Disdik Bandung Buka Jalur Afirmasi MBK SPMB 2026/2027

Tika M. · 3 min baca · 1 bulan lalu · 138 dibaca
Bisik.id
Disdik Bandung Buka Jalur Afirmasi MBK SPMB 2026/2027

Gambar atau konten salah?

Disdik Kota Bandung resmi membuka jalur afirmasi bagi Murid Berkebutuhan Khusus (MBK) dalam Seleksi Penerimaan Murid Baru (SPMB) tahun ajaran 2026/2027. Jalur ini menegaskan komitmen pemerintah daerah untuk memastikan hak pendidikan yang inklusif dan ramah bagi semua anak di kota.

Tim Penyusun SPMB Kota Bandung, Pathah P Mubarok, S Pd, M Pd, menjelaskan bahwa jalur afirmasi ini melingkupi dua kategori: masyarakat Rawan Melanjutkan Pendidikan (RMP) dan Murid Berkebutuhan Khusus (MBK). Untuk peserta MBK, orang tua wajib memperoleh surat rekomendasi resmi dari Unit Layanan Disabilitas (ULD) Dinas Pendidikan Kota Bandung.

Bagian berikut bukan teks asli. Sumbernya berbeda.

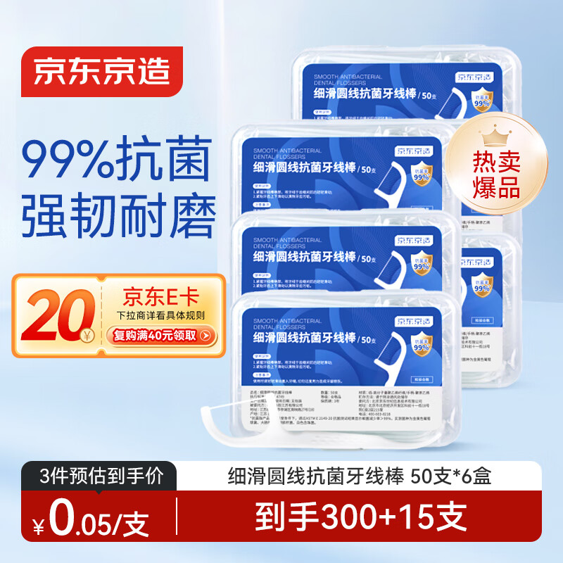 京东京造抗菌细滑圆线牙线棒50支*6盒 剔牙牙签牙线棒(赠15支薄荷味)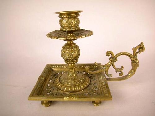 A SINGLE ORNATE CAST BRASS CHAMBERSTICK, FRENCH; 6"h x 5" square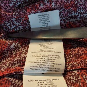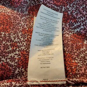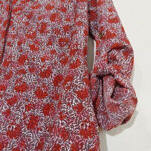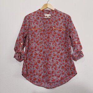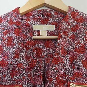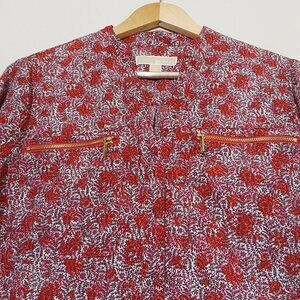 Soft, comfy blouse by Michael Kors is relaxed yet polished. Vibrant red and white floral print. Long sleeves can be rolled up and secured with tab and button closure, giving it a 3/4 sleeve appearance. V-neck with band collar and hidden button placket. Two functional chest pockets with gold-toned zipper closures. Curved hemline, slightly longer in the back. Excellent condition.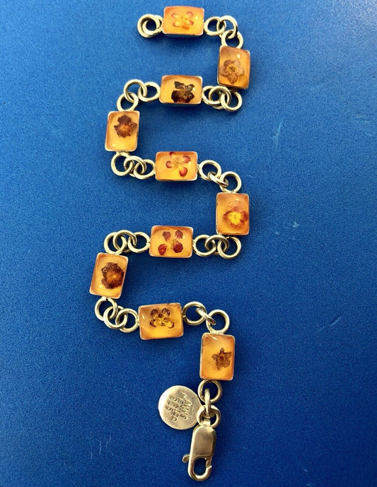 Vintage MWS Taxco Sterling Silver 925 Amber Encased Flower Bud Panel Bracelet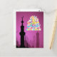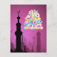 A postcard for Eid festive featuring colourful Eid Mubarak calligraphy in both Arabic and English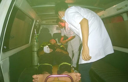 Lính cứu hỏa đang được cấp cứu. Ảnh: XUÂN NGỌC
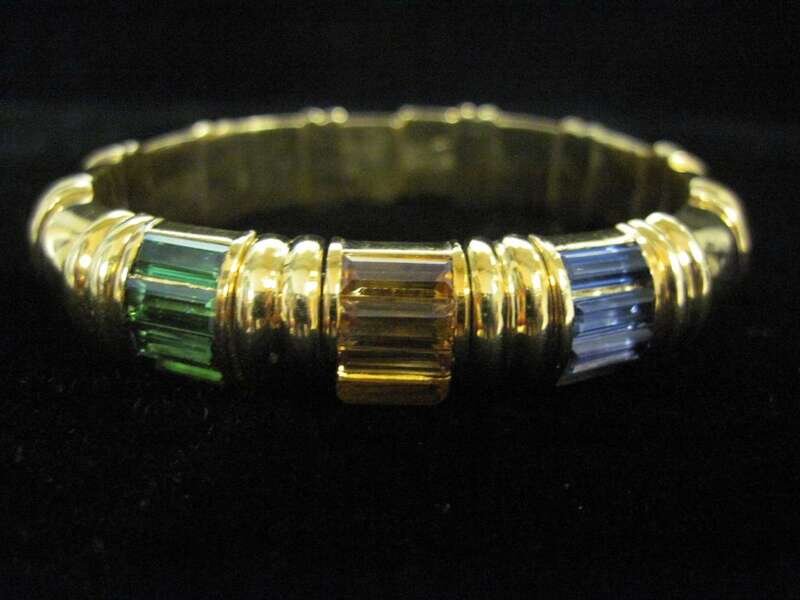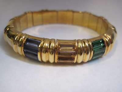 A gem-set and eighteen karat gold bangle bracelet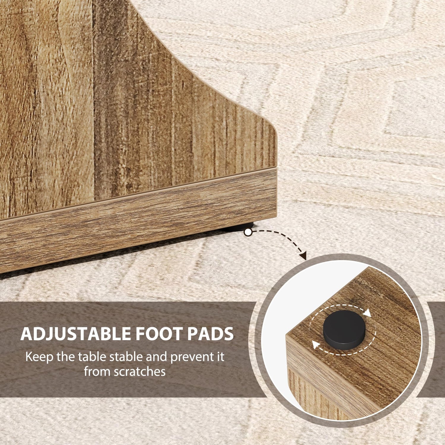 - 【Crafted for Durability】: Crafted with premium MDF, this country end table features 1.18 inches top/base panels and 0.59 inches side panels for exceptional durability. The solid structure provides reliable support for your daily essentials, from heavy lamps to stacked books, without compromising its sleek profile. Adjustable leg pads keep it stable even on uneven ground

“Untuk peserta didik berkebutuhan khusus ini memang wajib mendapatkan rekomendasi dari Unit Layanan Disabilitas (ULD) Dinas Pendidikan Kota Bandung. Surat rekomendasi itulah yang akan digunakan sebagai persyaratan administratif untuk pendaftaran,” kata Pathah dalam acara sosialisasi jalur afirmasi murid berkebutuhan khusus SPMB Kota Bandung tahun 2026 melalui YouTube, Senin (18 Mei 2026).

Pathah menekankan bahwa meskipun calon peserta didik sudah mengantongi hasil pemeriksaan atau diagnosis dari tenaga profesional luar seperti dokter spesialis anak, psikolog, maupun psikiater, mereka tetap diwajibkan mengikuti asesmen dari ULD Disdik Bandung.

Proses pendaftaran dilakukan secara terintegrasi melalui sistem daring. Orang tua pertama kali harus membuat akun SPMB di laman resmi. Selanjutnya, mereka mengunggah dokumen persyaratan umum, seperti Akta Kelahiran atau Surat Kenal Lahir, KTP orang tua, dan Kartu Keluarga (KK). Setelah itu, pemohon dapat mengakses tautan asesmen khusus MBK yang tersedia di dalam web.

“Setelah selesai mengisi link, nanti tim admin dari ULD akan menghubungi Ayah dan Bunda untuk melakukan proses asesmen. Dan setelah prosesnya selesai, barulah diterbitkan surat rekomendasi untuk tahap pendaftaran sekolah,” jelas Pathah.

Disdik Kota Bandung menetapkan kuota maksimal MBK sebanyak 3 orang per sekolah, baik untuk jenjang Sekolah Dasar (SD) maupun Sekolah Menengah Pertama (SMP). Seleksi untuk jalur ini mengecualikan syarat batas usia yang biasanya berlaku pada jalur reguler. Indikator utama kelulusan murni didasarkan pada jarak dari domisili ke sekolah tujuan.

“Baik untuk jenjang SD maupun SMP, jadi seleksinya adalah jarak. Kenapa jarak? Karena bagaimana pun juga, akses ananda kita yang berkebutuhan khusus ini harus dipermudah agar meringankan aktivitas belajarnya,” ujar Pathah.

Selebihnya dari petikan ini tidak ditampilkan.